The use of environmental stress, such as microtubule-depolymerizing agents or DNA damage, was instrumental for understanding cell cycle arrest and checkpoints. Previously, we showed that severe oxygen deprivation (anoxia) induces a state of suspended animation in which cell cycle progression is reversibly arrested at interphase, late prophase, and metaphase in blastomeres. The spindle checkpoint genes are required for metaphase arrest; the mechanisms regulating anoxia-induced prophase arrest are not known. Live cell imaging of
tbg-1::GFP;
pie-1::GFP::H2B animals, to monitor cell cycle progression, shows that an immediate response to anoxia is chromosome association with the inner nuclear membrane (chromosome docking) in prophase blastomeres. In these blastomeres nuclear envelope breakdown and the transition from prophase to prometaphase is arrested. The phenomenon of chromosome docking is also observed in the oocytes of hermaphrodites exposed to anoxia, aged hermaphrodites and
fog-2 mutants, but not other stresses such as starvation and heat shock, suggesting that chromosome docking is a characteristic of quiescent cells. To determine if chromosome docking is a response to reduced ATP we exposed animals to sodium azide and find that chromosome docking is induced in blastomeres and oocytes; however, unlike anoxic animals this affects their viability which suggests anoxia-induced cell cycle arrest is not a function of mitochondrial dysfunction. To identify genetic mechanisms required for prophase arrest we used RNAi to screen a subset of nuclear membrane associated and kinetochore genes.

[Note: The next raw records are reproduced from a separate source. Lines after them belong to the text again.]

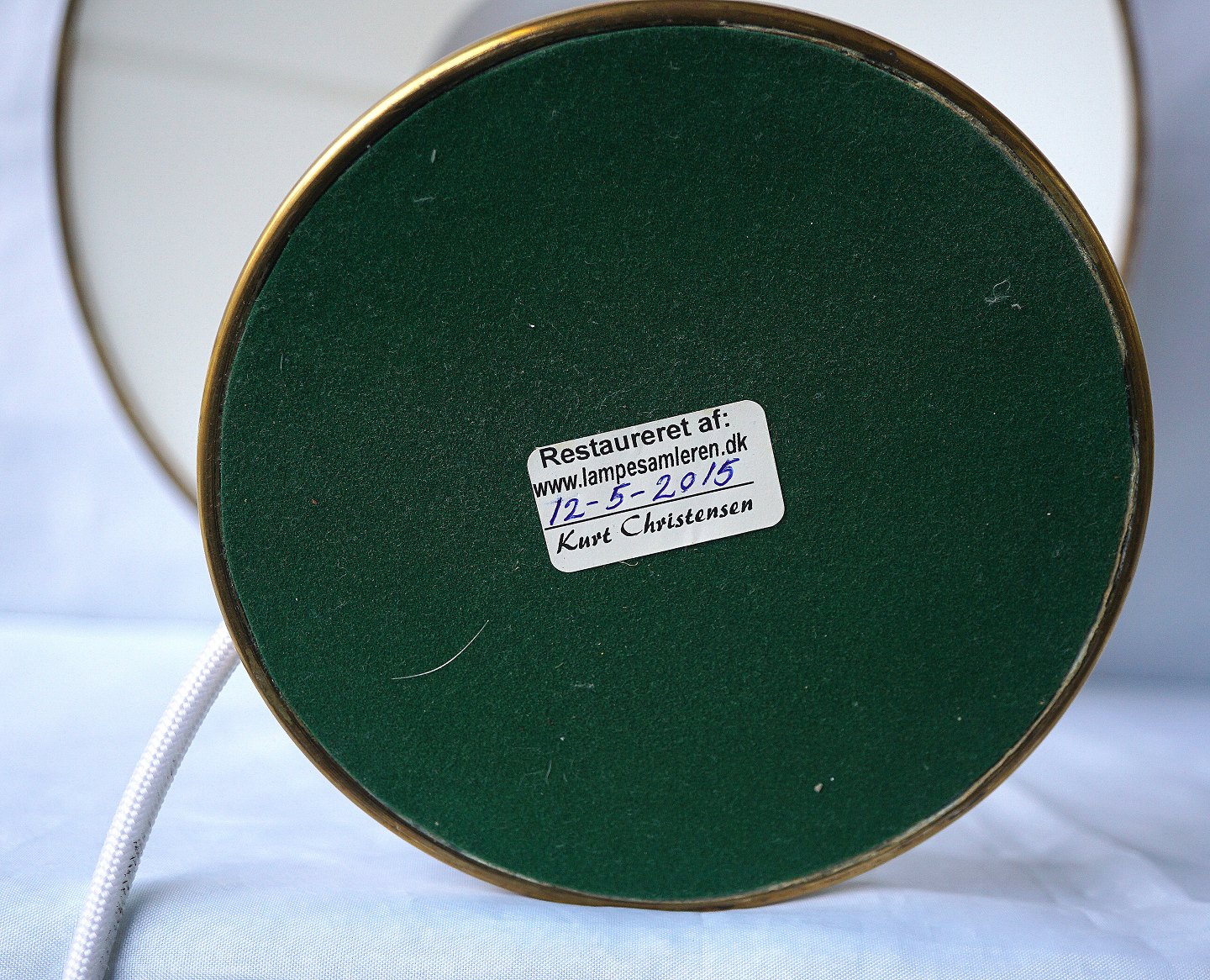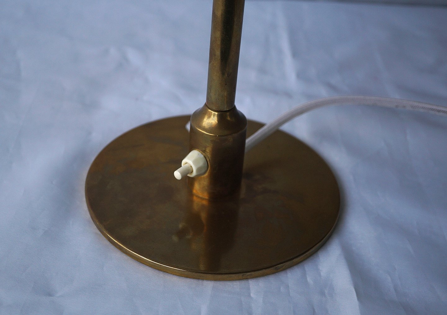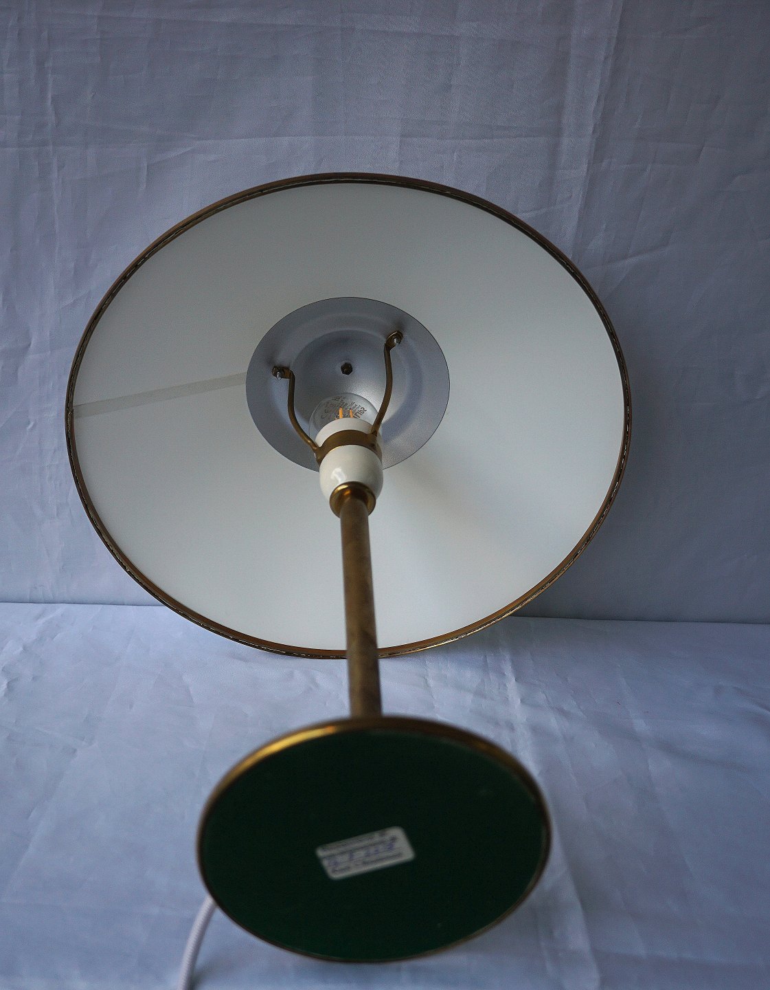 Kongelys Messing bordlampe med hvid plastskærm. Lampen er monteret med sort plastledning, gamle udgave med trykknap ved fod.
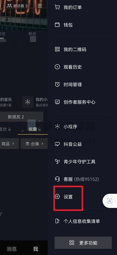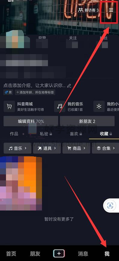 1、首先打开抖音,点击右下角的我,然后点击右上角的三个横排图标。
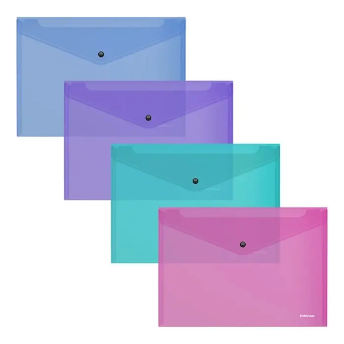 Папка-конверт на кнопке А5+ (239x189x9 мм), 180 мкм, ErichKrause Vivid, глянцевая, полупрозрачная, микс
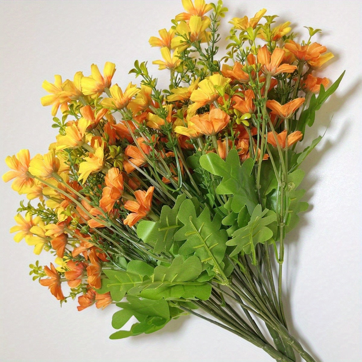 3.Made of plastic and faux silk flower material, it is wear-resistant and durable. 4.It is suitable for wedding parties, home decorations, bookstore, cafe store, cloth shop and all kinds of occasion's decoration. Specifications: Material: Plastic,silk Size: Length 37cm Package includes: 5 Bouquet Daisies Artificial Flowers
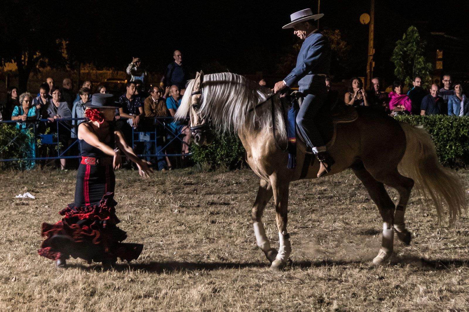 Para finalizar, un espectáculo ecuestre hizo las delicias de los asistentes con la actuación del grupo Embrujo de Castilla. Flamenqus’. Hubo exhibición de carruseles, doma clásica y alta escuela, e incluso los caballos bailaron al son de la música coplas y sevillanas.
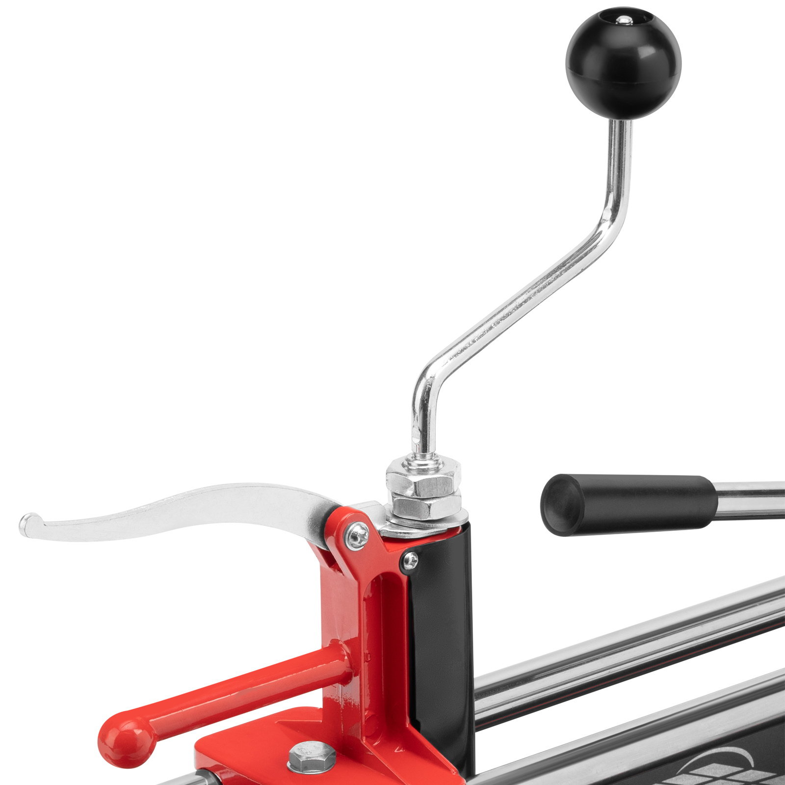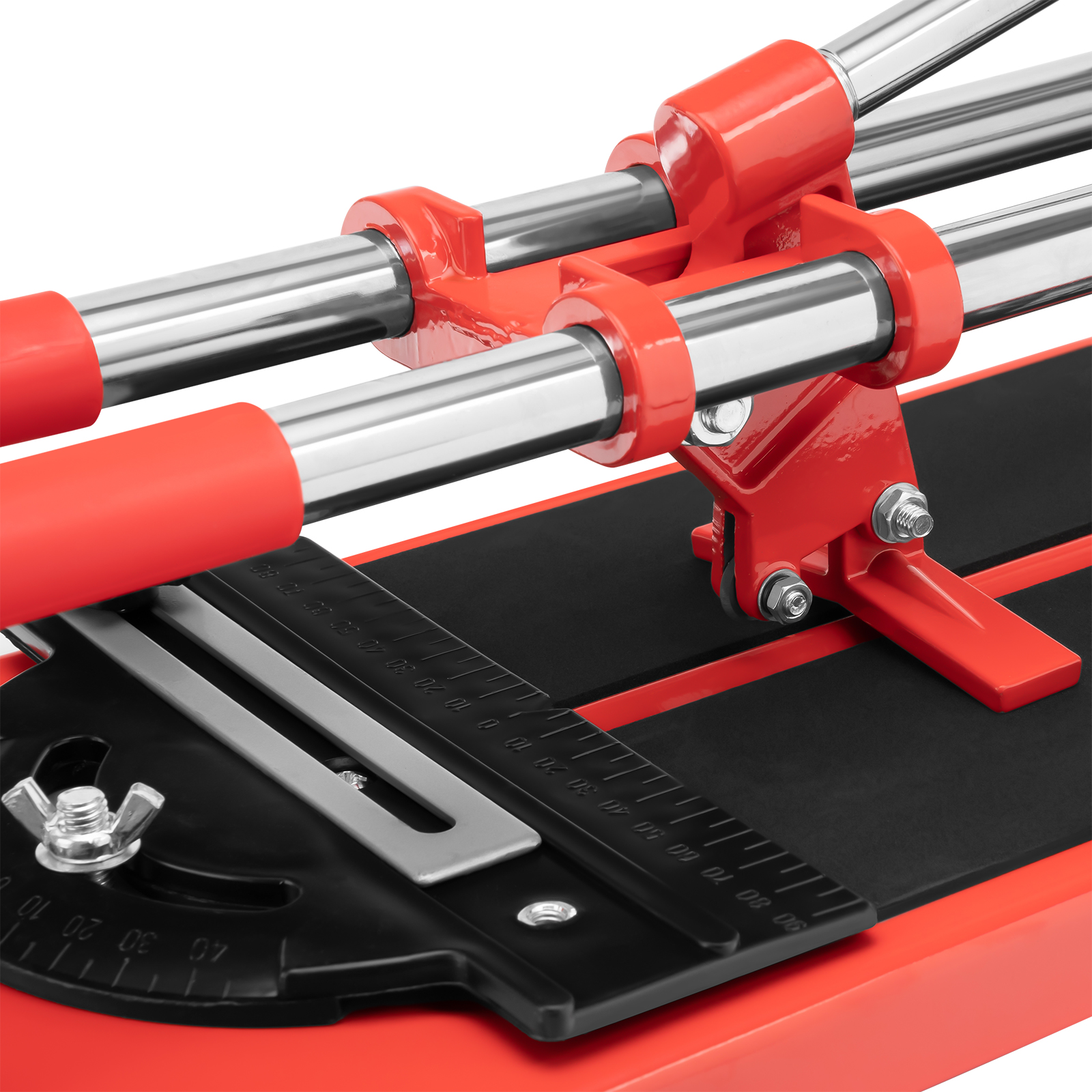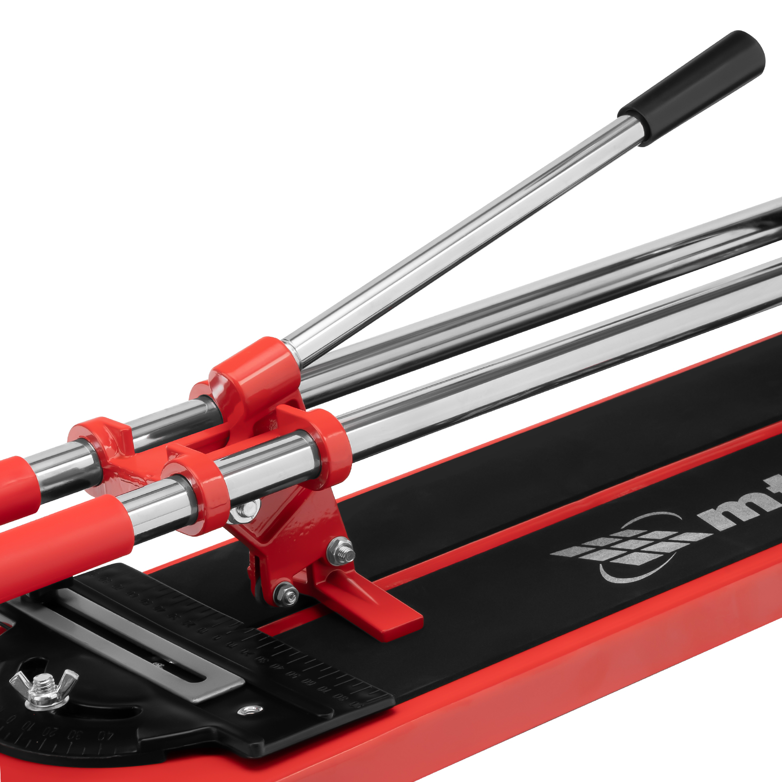 - Неподвижность плитки — плиткорез с широким основанием снабжен мягкими амортизирующими накладками, угольник-угломер дополнительно фиксирует заготовку.
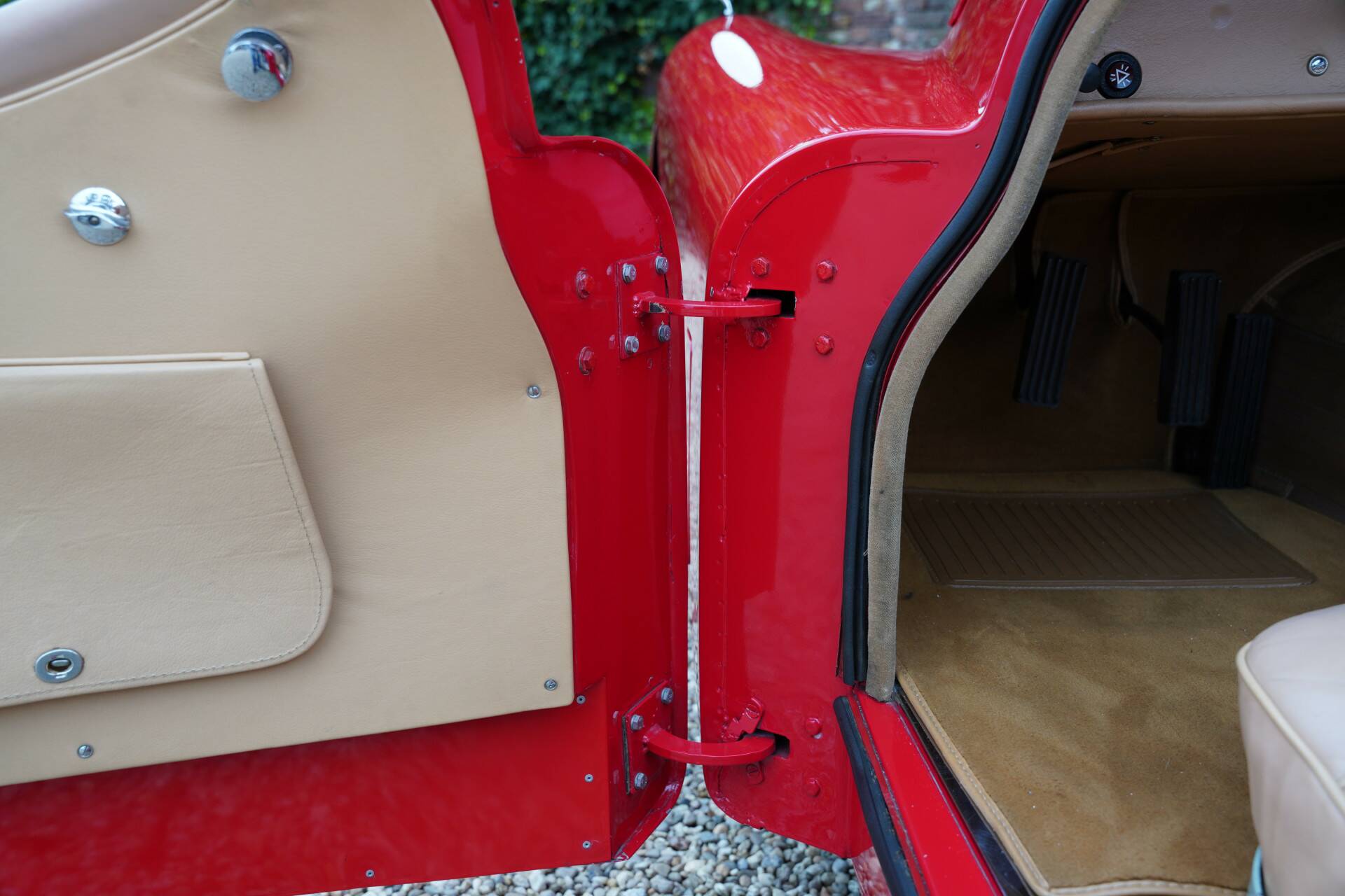 This Jaguar XK120 Roadster has been carefully restored with respect for its original specifications. The car has recently undergone extensive technical maintenance, evident in its excellent mechanical condition. The deep red exterior color combined with the beige interior gives the car a timeless look that stays true to the historical character of the XK120. Moreover, this beautiful Jaguar is matching numbers, which further enhances the authenticity of this XK. This Jaguar comes with recent invoices that carefully show the maintenance work carried out.
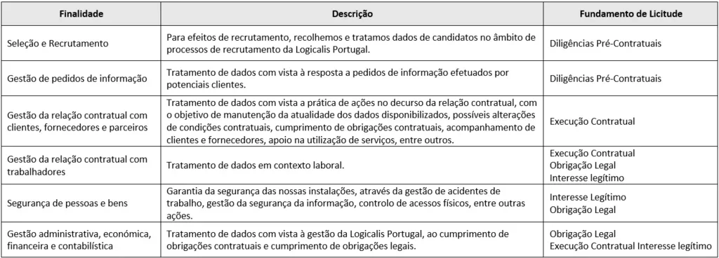 - Os Tratamentos de dados efetuados pela Logicalis Portugal são permitidos e legítimos quando se verifique pelo menos uma das seguintes situações:
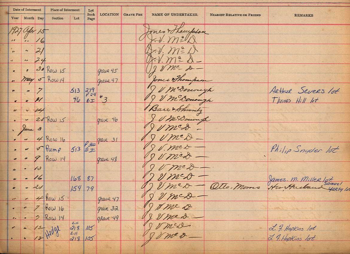 Back to Interment Book Index
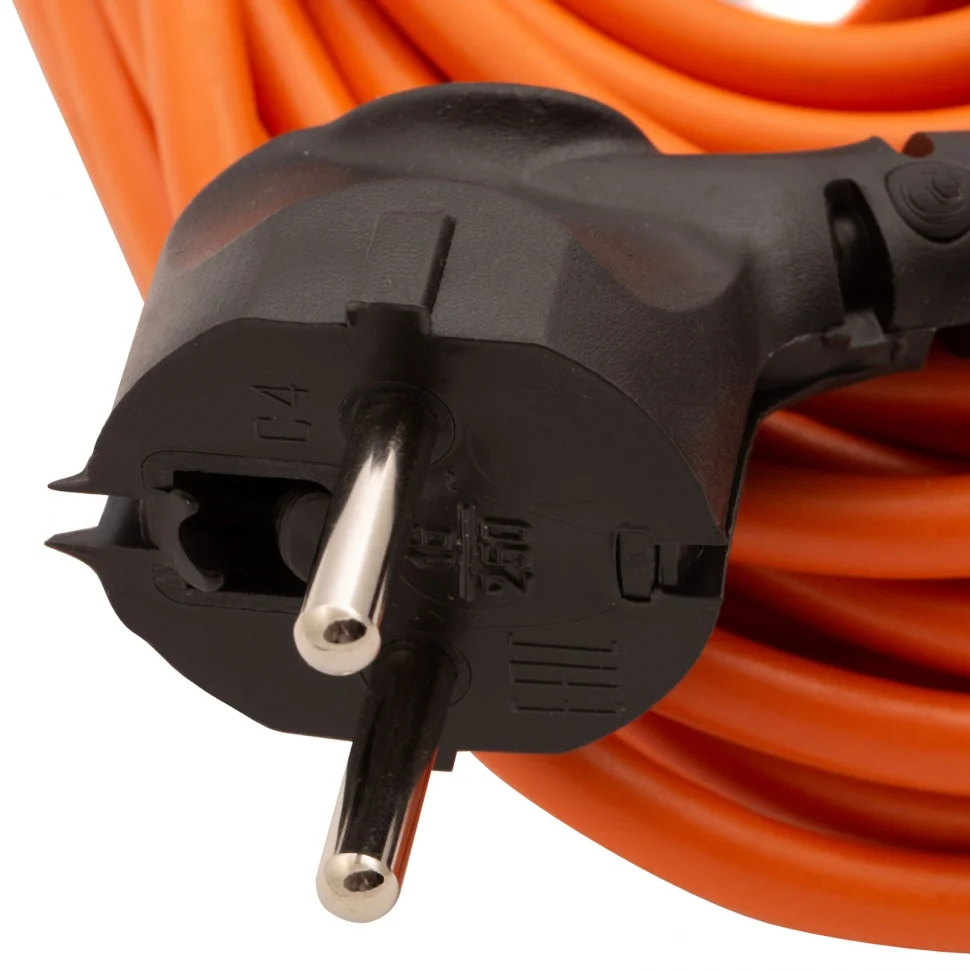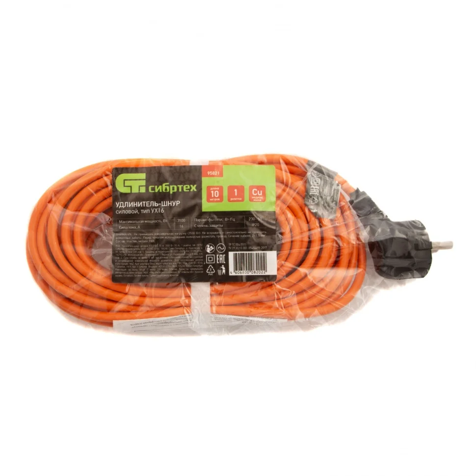 Силовой удлинитель-шнур Сибртех 95821 длиной 10 м, 16 А, тип УХ16, кабель ПВС, 1 розетка без заземления, служит для дистанционного подключения электроприборов к источнику питания. Удобен для работы с режущим инструментом. Крученый медный кабель рассчитан на нагрузку до 3500 Вт. Легкие и прочные вилка и розетка имеют корпус из негорючего пластика и выдерживают длительное использование. Сетевой удлинитель пригодится во время строительных работ, будет полезен на дачном участке или в автомастерской.ПреимуществаКабель в двойной ПВХ-оболочке устойчив к повреждениям в результате механических воздействий и изгибов.Яркий оранжевый кабель хорошо виден даже в условиях плохого освещения, а также среди строительного мусора и в густой растительности.Намотанный «бубликом» удлинитель упакован в термоусадочную пленку для удобства хранения и транспортировки.Изделие имеет сертификат соответствия ТР ТС 004/2011, что подтверждает его надежность.
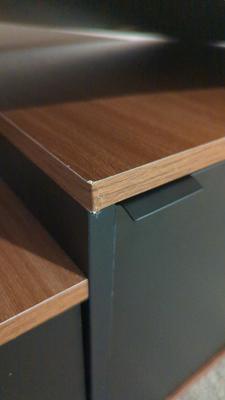 - Includes 3 concealed shelves spaces with 2 - 90 degrees open door and 1 center pull down door
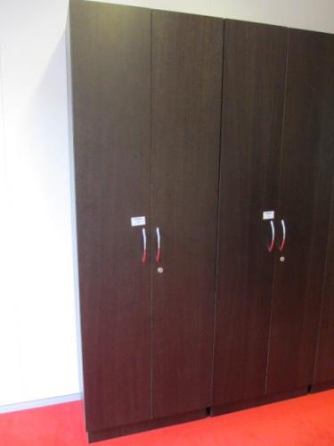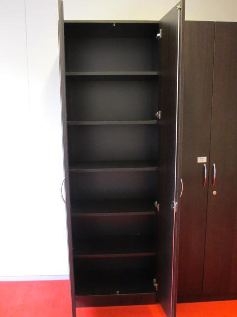 1 hoge houten 2-deurs kast (afm. ca. 75 x 230 x 40)
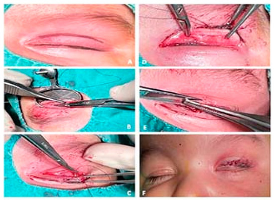 Main surgery steps. (A) Marking the incision 5 mm above the free eyelid edge; (B) The excision of the fibrous band on the entire length and width of the tarsal plate; (C,D) Application of sutures on the trajectory: skin (ciliary margin)—upper tarsal plate—skin (ciliary margin) in the inner, median and outer third of the upper eyelid; (E) Excision of a hypertrophied orbicular pretarsal muscle extension; (F) Cutaneous suture (personal collection).

This screen identified
npp-16, a non-essential component of the nuclear pore complex, as being required for anoxia-induced prophase arrest. The
npp-16(
ok1839) embryos exposed to anoxia have a reduction in the number of prophase blastomeres, an increase in abnormal nuclei, and a decrease in embryonic viability relative to control. Live cell imaging indicates that blastomeres of
npp-16(
ok1839);
tbg-1::GFP;
pie-1::GFP::H2B embryos exposed to anoxia do not arrest at prophase resulting in abnormal nuclei. Experiments are underway to test the hypothesis that anoxia induces a prophase checkpoint involving
npp-16 and understand the role a nucleoporin may have in arrested cells. Since oxygen deprivation plays a central role in resistance of solid tumor cells to radiation and chemotherapy treatments, these studies could elucidate how oxygen deprivation influences cell division and reveal mechanisms involved with a less understood cell cycle arrest position during mitosis-prophase arrest.